▸ **Task goal**
When copying the data below, keep only the lines from the one with "We’re pleased to" through the one with "小心地从中间打开五边形折纸,整理好形状,一个纸篮子就折好了。", word for word, and skip the pictures.

▸ **Listed entries**

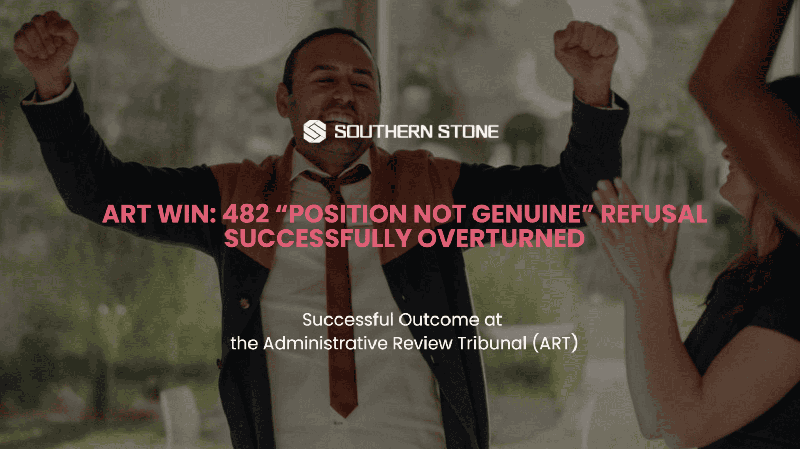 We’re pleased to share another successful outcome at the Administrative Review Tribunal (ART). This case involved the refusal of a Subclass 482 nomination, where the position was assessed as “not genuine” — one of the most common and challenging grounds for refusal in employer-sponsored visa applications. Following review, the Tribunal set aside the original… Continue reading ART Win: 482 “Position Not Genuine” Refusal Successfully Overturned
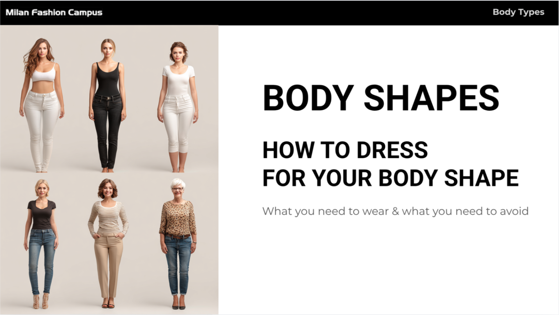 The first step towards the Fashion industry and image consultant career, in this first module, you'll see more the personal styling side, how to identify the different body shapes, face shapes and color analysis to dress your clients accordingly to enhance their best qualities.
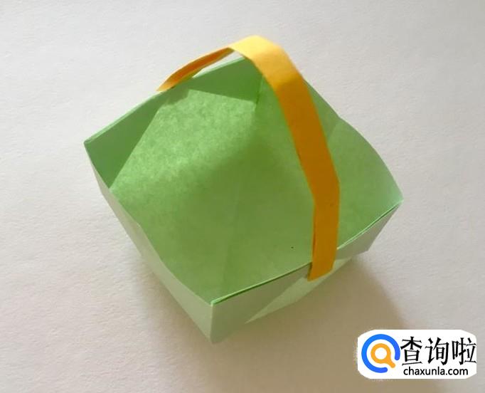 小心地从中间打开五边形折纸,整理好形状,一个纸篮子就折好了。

==

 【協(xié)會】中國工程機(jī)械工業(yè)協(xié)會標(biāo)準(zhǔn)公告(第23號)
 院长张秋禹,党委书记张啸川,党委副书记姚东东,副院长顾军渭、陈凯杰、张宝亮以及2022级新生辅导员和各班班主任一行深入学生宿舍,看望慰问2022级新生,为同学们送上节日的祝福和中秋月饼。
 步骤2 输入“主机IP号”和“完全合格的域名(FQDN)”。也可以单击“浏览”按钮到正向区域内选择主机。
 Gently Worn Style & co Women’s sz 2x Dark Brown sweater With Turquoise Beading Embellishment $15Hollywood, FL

▸ **Answer for this exercise**
 We’re pleased to share another successful outcome at the Administrative Review Tribunal (ART). This case involved the refusal of a Subclass 482 nomination, where the position was assessed as “not genuine” — one of the most common and challenging grounds for refusal in employer-sponsored visa applications. Following review, the Tribunal set aside the original… Continue reading ART Win: 482 “Position Not Genuine” Refusal Successfully Overturned
 The first step towards the Fashion industry and image consultant career, in this first module, you'll see more the personal styling side, how to identify the different body shapes, face shapes and color analysis to dress your clients accordingly to enhance their best qualities.
 小心地从中间打开五边形折纸,整理好形状,一个纸篮子就折好了。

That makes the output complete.